= Dive bomb (guitar technique) =

Guitar technique lowering pitch

Dive bomb is a guitar technique in which the tremolo bar, or whammy bar, is used to rapidly lower the pitch of a note, creating a sound considered to be similar to a bomb dropping. One of the most recognized pioneers of this technique is Jimi Hendrix. Other musicians who used this technique are Ritchie Blackmore, Dave Murray, Herman Li, Eddie Van Halen, Randy Rhoads, Brian May, Joe Satriani and Tom Scholz of Boston. Some guitarists, such as K.K. Downing, Glenn Tipton, Jeff Hanneman and Dimebag Darrell have used a variation of this technique in which a harmonic, most commonly a pinch harmonic, is used instead of a normal fretted or open note creating a sound arguably closer to that of a bomb due to the squealing sound created by the harmonic.
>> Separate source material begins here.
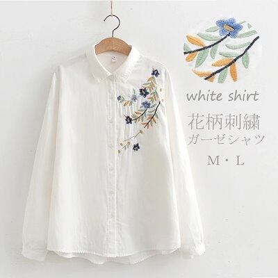 カットソ 長そで ガーゼシャツ お洒落 花柄 ボタン留め 無地 シャツブラウス トップス ブラウス 通勤シャツ コットン 白シャツ 春 ガーゼ 長袖 レディース ホワイトシャツ 綿シャツ 刺繍 シャツ

It is usually best performed when using a locking tremolo (whammy bar) such as the Floyd Rose version so that rapid changes in string tension do not take the strings out of tune. This allows the guitarist to pick a note, and widely vary its tone, either by quickly pushing (or pulling) the bar as far as it goes either way or slowly moving the bar in the desired direction, depending on what effect the musician is trying to achieve. It is commonly done in combination with a pinch harmonic to get a more dramatic effect with the dive bomb.

Dive bombing is used in surf music. Dive bombing was used in Billy Idol's song "White Wedding", Rage Against the Machine's song "Calm Like a Bomb", Boston's "Smokin'", The Black Keys' song "Lonely Boy", George Thorogood's cover of Bo Diddley's "Who Do You Love?", The Rip Chords "Hey Little Cobra", and Van Halen's "Eruption".